Indeed, Southlake is no stranger to success in the pool. Coach Murphy says that of the estimated 8,000 students in Carroll ISD, 750 of them are part of a club or school swimming team.
“We’re really blessed,” he says. “Southlake is a special place for swimming.”
However, this much popularity around the sport makes getting on a team that much more competitive, much less two teams. And of course, being on two teams with different coaches could present its own set of challenges. Thankfully for Jack, he says the coaches are cohesive in their training.
“I’m really fortunate,” he says. “My coaches know each other and are great to work with. Their workouts don’t contradict each other.”
‘Normal Teenage Stuff’
Between the two teams, Jack puts in over 20 hours of training per week. When he isn’t working out or swimming, Jack says he enjoys doing what he call “normal teenage stuff”: hanging out with friends and listening to music. There isn’t always much time for that, though. On top of a rigorous athletic schedule, Jack is taking AP classes and keeping his grades up.
“Stanford doesn’t cut any corners just because he is an athlete,” Michelle says. “If people are wondering if those AP classes matter, they absolutely do.”
The Long Lane to Stanford
By now, it’s probably pretty clear that Jack has the motivation and discipline of a professional athlete. If you haven’t picked up on that, here is what his coach has to say about him:
“Jack has an incredible work ethic,” Coach Murphy says. “More than that, he is very talented, humble and coachable.”
And while character references are valuable, how about a few statistics to back them up? For example, In December, Jack set the new SC Junior Nationals meet record in the men’s 500 freestyle. His time of 4:14:04 blew the previous meet record (4:15.36) out of the water and set a personal best by almost four seconds. To put it in perspective, the current record holder for Boys’ 17-18 U.S. National Age Group Records posted a time of 4:12:33 in 2004. You may have heard of him... Michael Phelps. That’s right, Jack is only about one and a half seconds away from beating a national record held by an international legend.

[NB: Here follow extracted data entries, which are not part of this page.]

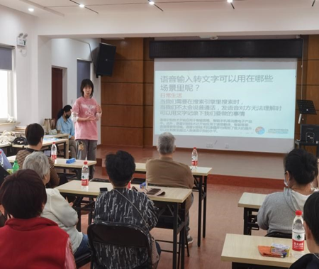 乐享智能新事物,老年人也不落伍。近年来,使用微信的老年人越来越多,可“拼音输入玩不转,逐字手写速度慢”成了爷爷奶奶们使用微信时的一大痛点。针对这一问题,新葡萄8883官网AMG官网英语系孙启涵同学就“如何用语音输入转文字”开展互动教学。孙同学先为大家介绍了语音转文字的发展过程、应用场景,又根据不同的手机型号,对操作步骤进行逐一讲解。考虑到老年人的需求,孙同学还补充了方言识别功能的使用办法,并现场开展一对一互动教学。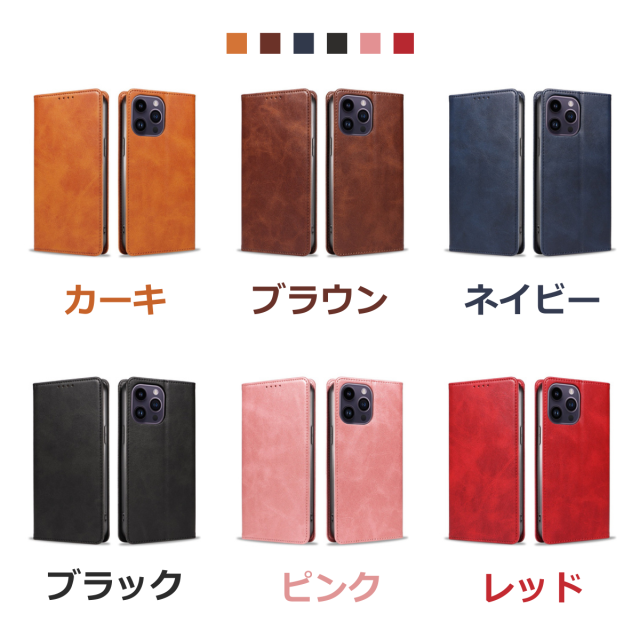 ブラック・ブラウン・カーキ・ネイビー・レッド・ピンクの6色展開で、お好みに合わせてお選びいただけます。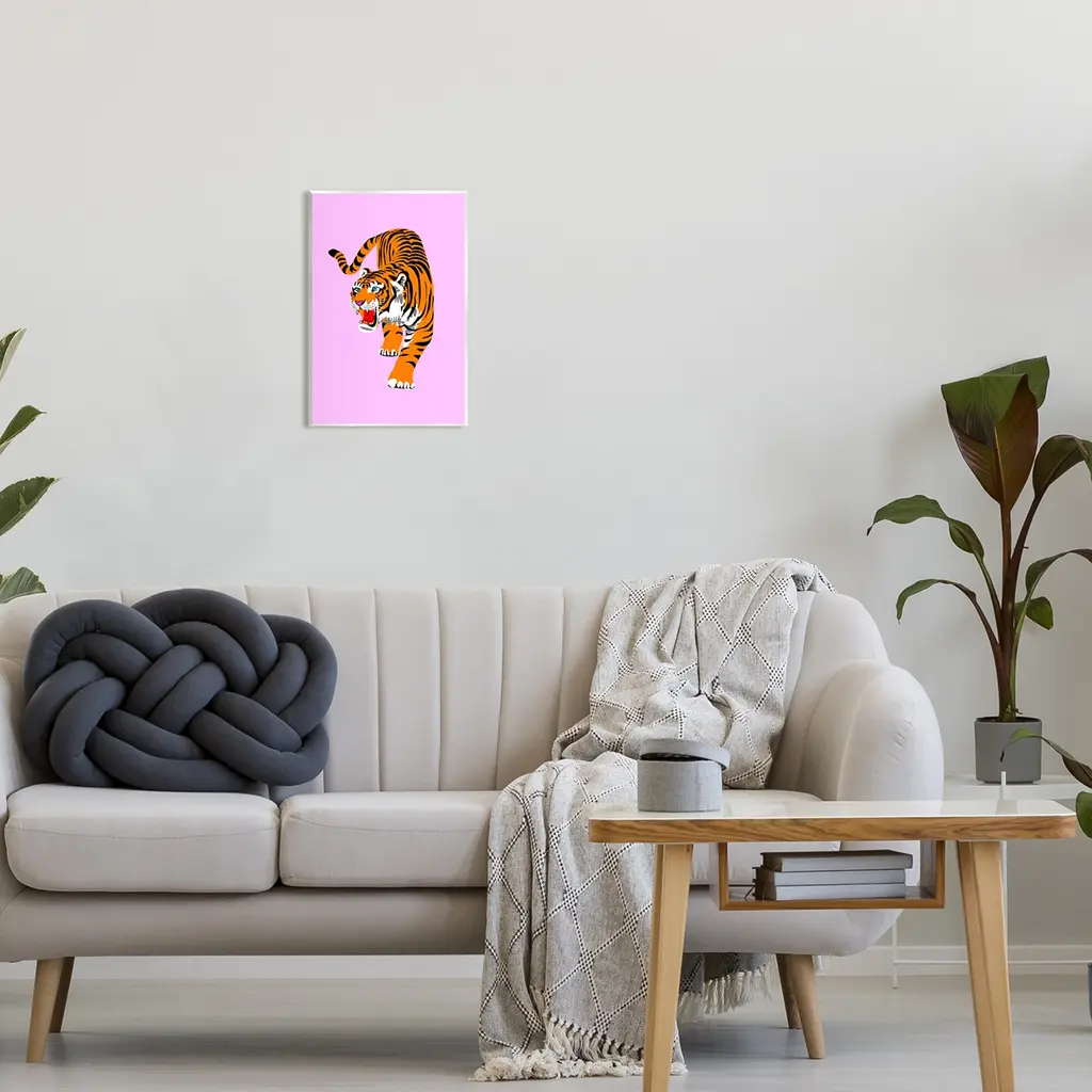 Stupell Roaring Tiger On Pink Wall Plaque Art Design By House Of Lulu - 10 X 15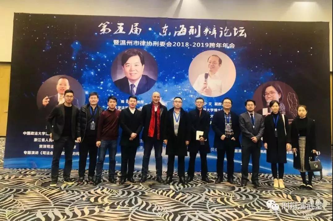 2019年1月5日至6日,海泰刑事演武堂堂主张友明律师、执行堂主杨军汉律师率团队十名成员,参加了在温州铂尔曼大酒店举行的第五届东海刑辩论坛暨温州市律协刑委会2018-2019跨年年会。本次活动为海泰刑事演武堂总第75期活动,也是本堂2019年度第一期活动。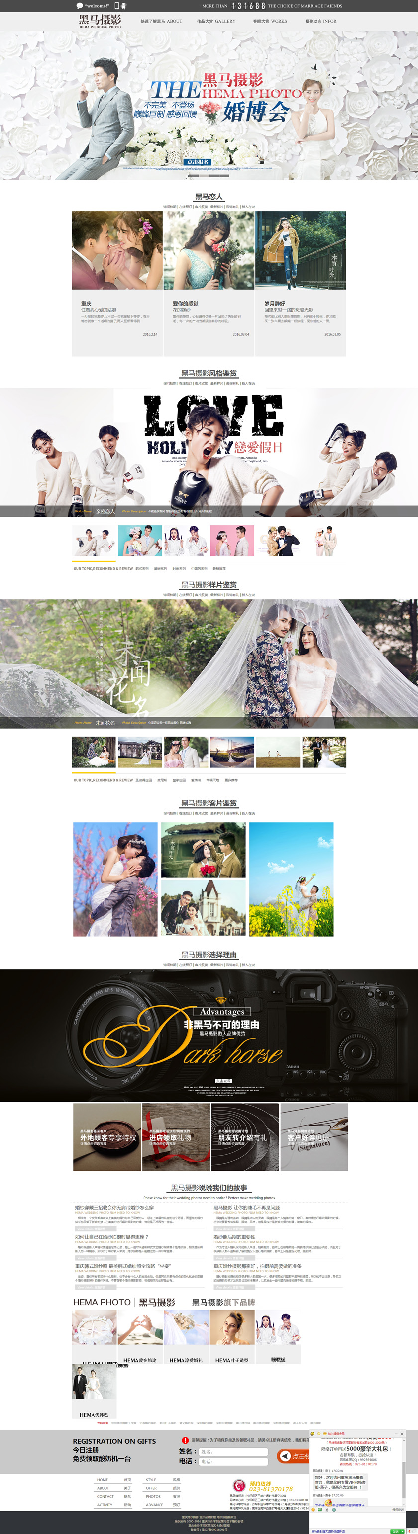 Project Description 黑马摄影,把每一对新人幸福梦想当成毕生的追求和责任,带着一对对新人的支持和厚爱,不断创新摄影风格,完善服务理念。无论从服务,作品,体验,我们虽然不能说100%没有缺陷,但我们有100%追求完美的心 Official website address 黔江http://www.hemaphoto.cn I want to share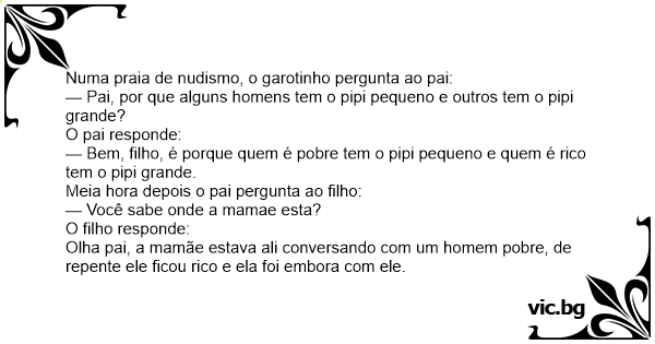 — Bem, filho, é porque quem é pobre tem o pipi pequeno e quem é rico tem o pipi grande.
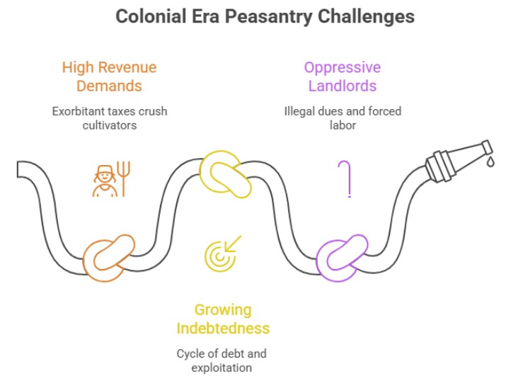 The peasants in colonial India were crushed under the weight of high revenue demands, oppressive zamindari systems, and unfair land tenures. The British introduced systems like the Permanent Settlement, Ryotwari, and Mahalwari, which often favored landlords and revenue collectors instead of the cultivators. As a result, peasants had to pay exorbitant taxes, irrespective of whether crops failed due to famine or natural disasters.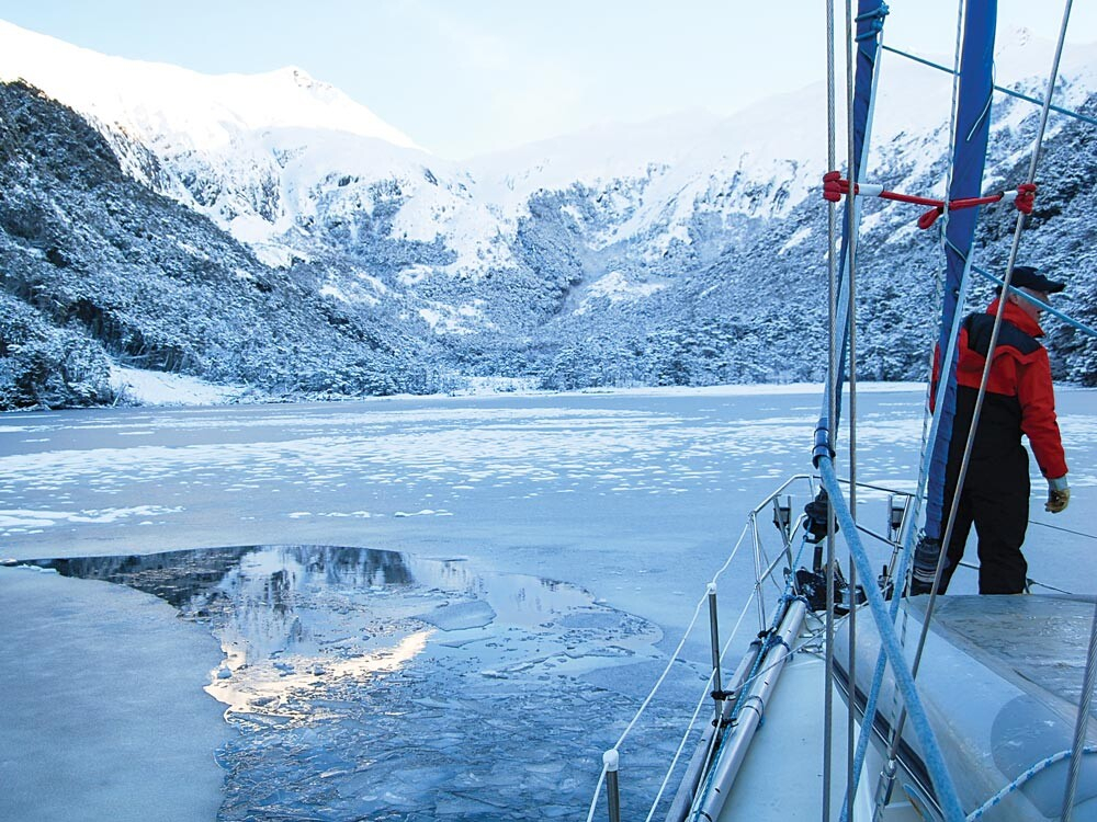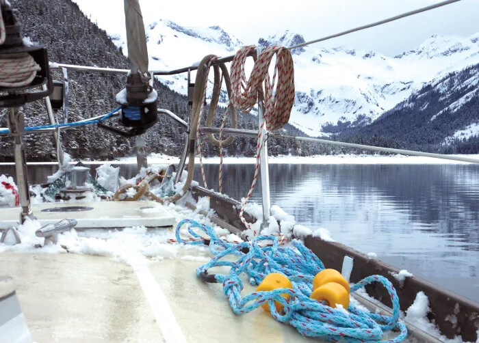 Utöver de vanliga åtgärderna som tas för att förhindra en man över bord, så ska man se till att noggrant rensa däck från snö och is. Karin berättar att salt användes på däck på J/70-båtarna för att få bort den värsta isen. På Tamara har Nancy och Nick en samling snöskyfflar, kvastar och borstar av plast som möjliggör effektiv snöröjning utan att skada däcket eller dess halkskydd. En däcksspolningsslang hämtar vatten från havsvatten och tar sedan bort den sista snön och sötvattenisen under alla omständigheter utom de mest extrema.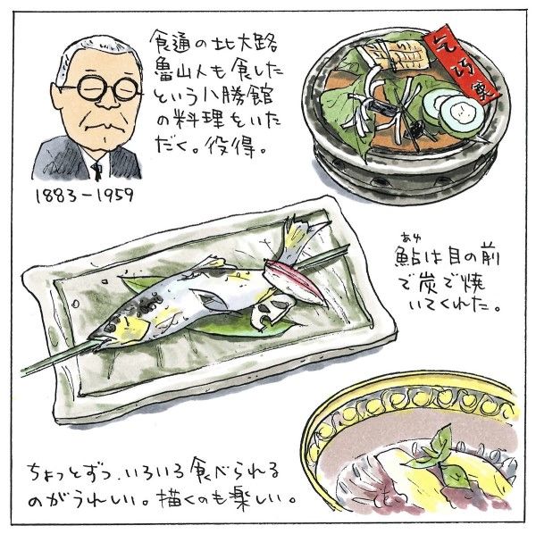 イラストを自己解説すると、この絵は鮎の串焼きがうまく書けた。四角い陶器の器も焼き物感がいい感じだ。

Moreover, he was chosen for the U.S. Junior World team this summer. He competed in the 4x200 Free Relay, and the U.S team advanced to the finals, where they missed gold by one-one hundredth of a second. Hungary’s team placed a time of 7:10.95 to the U.S team’s 7:10.96.
“It was heartbreaking for them to be so close, but it’s still an amazing accomplishment,” Michelle says.
Indeed, both teams shattered the former Junior World Record, as did the bronze-winning Russian team.
Now, headed to his dream school, Jack has a full swimming career ahead of him. In the words of Coach Murphy:
“If he keeps it up, he’s only going to get better.”